Se incorporó de nuevo, me sujetó las caderas con las dos manos y empezó a moverse despacio. Salía casi del todo y volvía a entrar con un poco más de firmeza. Salía y entraba. Cada embestida iba apagando el miedo y encendiendo otra cosa. En uno de esos movimientos algo estalló dentro de mí, un placer hondo y desconocido que me recorrió entero. Me estaba corriendo sin que nadie me hubiera tocado, temblando contra las sábanas, sorprendido y entregado a la vez.
Yamila lo notó y soltó una carcajada grave de puro gozo.
—Ay, pero mírate. Si te has corrido tú solito, sin manos. —Me apretó más fuerte las caderas—. Eso es que naciste para esto, cariño.
Aceleró. Su respiración se volvió un jadeo entrecortado, los dedos se me clavaban en la piel, y de un empujón hondo se quedó muy quieta, vibrando dentro de mí. La sentí estremecerse, la oí gemir contra mi hombro, y un calor nuevo me inundó por dentro.
***
Se dejó caer sobre mi espalda y nos quedamos así un rato largo, los dos sin aire, pegados por el sudor. Después salió de mí despacio, con cuidado, y se tumbó a mi lado.
—¿Ves cómo no era para tanto? —dijo, acariciándome el pelo—. Lo hiciste muy bien para ser tu primera vez.

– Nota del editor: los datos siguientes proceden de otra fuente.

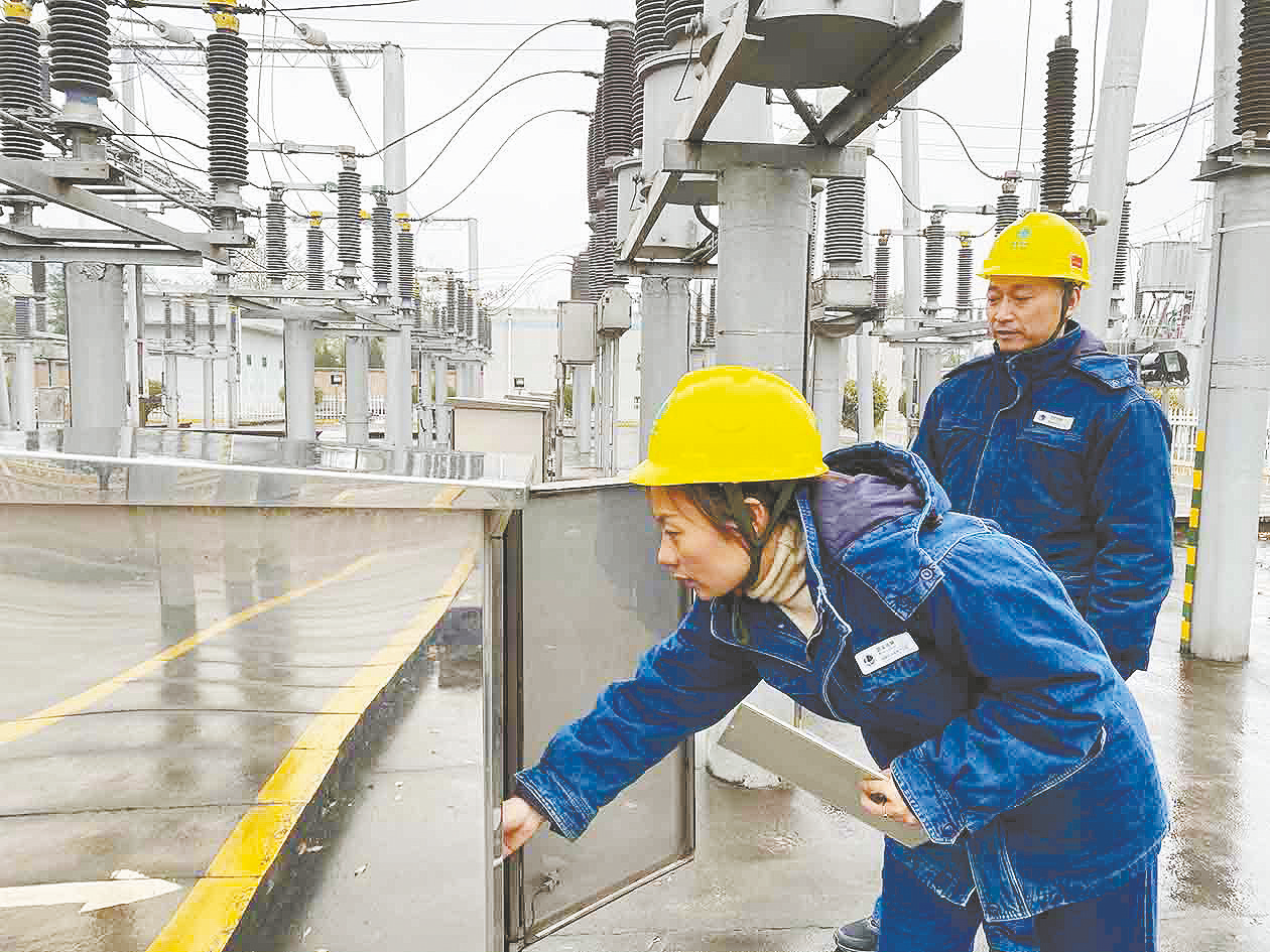 ②国网渭南供电公司员工在110千伏良田变电站对设备进行全面巡视。 徐勇 摄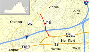 State Route 243 (SR 243) is a primary state highway in the U.S. state of Virginia. Known as Nutley Street, the state highway runs 1.70 miles (2.74 km) from U.S. Route 29 (US 29) and State Route 237 (SR 237) on the border between Oakton and Merrifield north to State Route 123 (SR 123) in Vienna. SR 243 connects Vienna and Fairfax with Interstate 66 (I-66) and the Vienna station of the Washington Metro.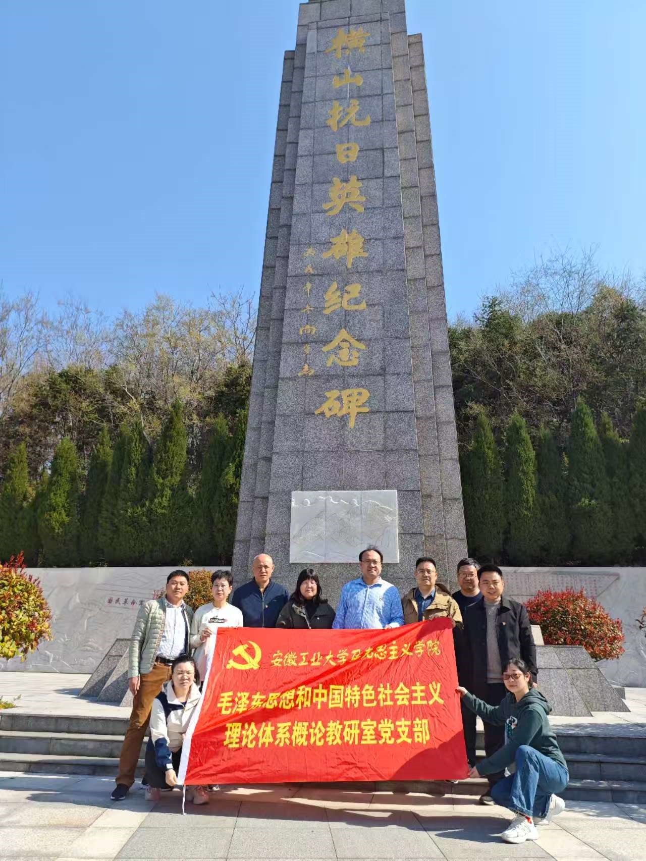 为深化党史学习教育,充分利用大思政资源,赓续革命传统,传承红色基因,激励教师党员凝聚奋进力量,3月22日,马克思主义学院毛泽东思想和中国特色社会主义理论体系概论教研室党支部赴马鞍山市博望区横山抗日英雄纪念碑,开展“缅怀革命先烈 传承红色基因”主题党日活动。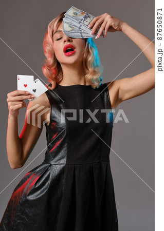 Blonde girl in black stylish dress holding some money and cards, posing against gray background. Gambling entertainment, poker, casino. Close-up.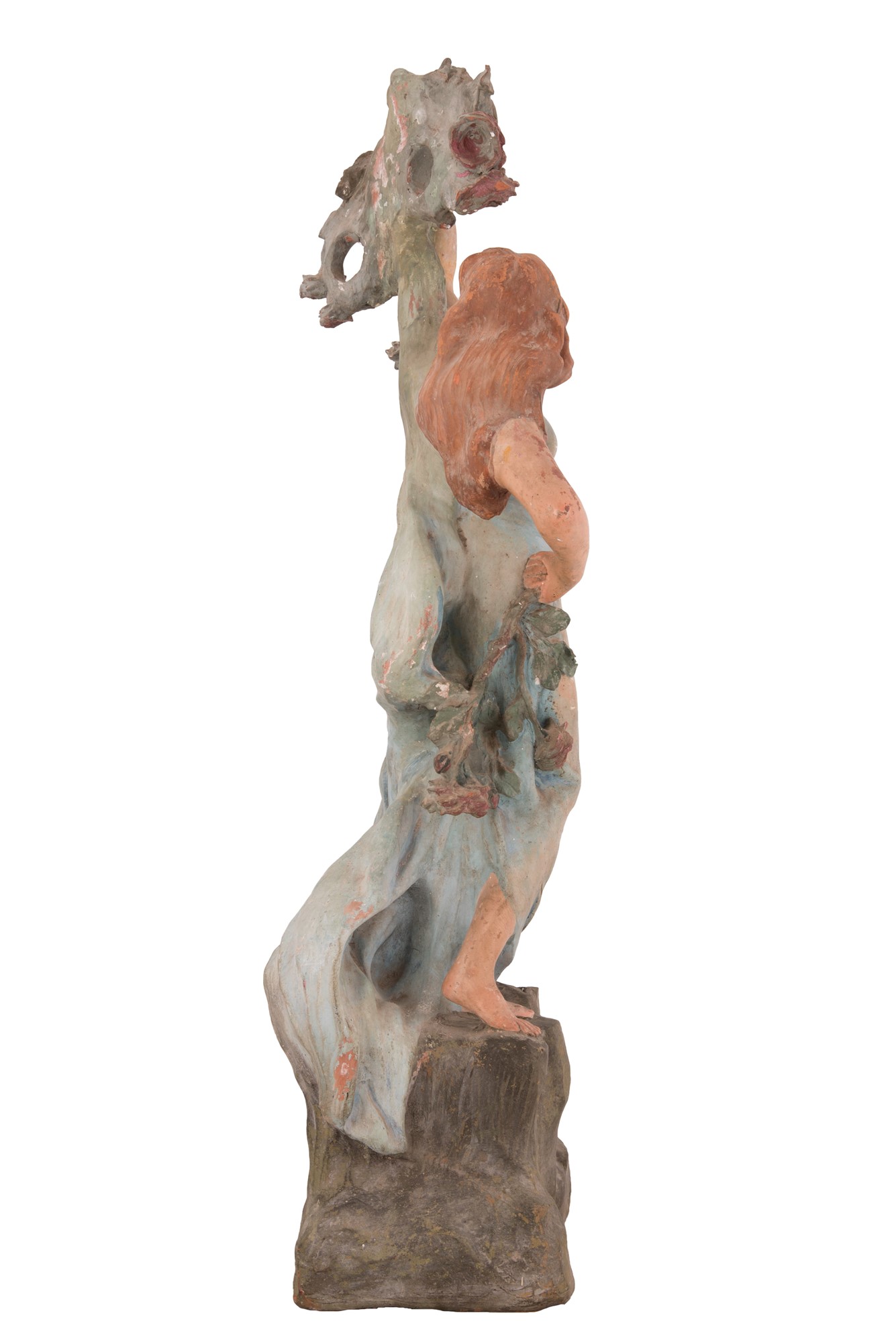 Statua stile Liberty in terracotta dipinta raffigurante allegoria della primavera XX secolo cm 90x26x19

Yo estaba aturdido, mareado, sin saber muy bien si lo que sentía era arrepentimiento o una felicidad rara y temblorosa. Le pregunté si podía quedarme un momento, recuperarme, asearme.
—No, mi amor —contestó, ya levantándose y recogiendo la falda del suelo—. Tengo a otro chico esperando, tan nervioso como llegaste tú. Pero vuelve cuando quieras. Ahora ya sabes el camino.
Me vestí en silencio, con el cuerpo todavía vibrando, y bajé las escaleras agarrado a la barandilla, igual que las había subido pero siendo ya otra persona. La calle estrecha de Sevilla estaba vacía y oscura. Caminé sin rumbo un buen rato, desorientado, con el recuerdo de aquel olor pegado a la piel y la certeza incómoda de que, por mucho que tardara, algún día volvería a marcar un número como aquel.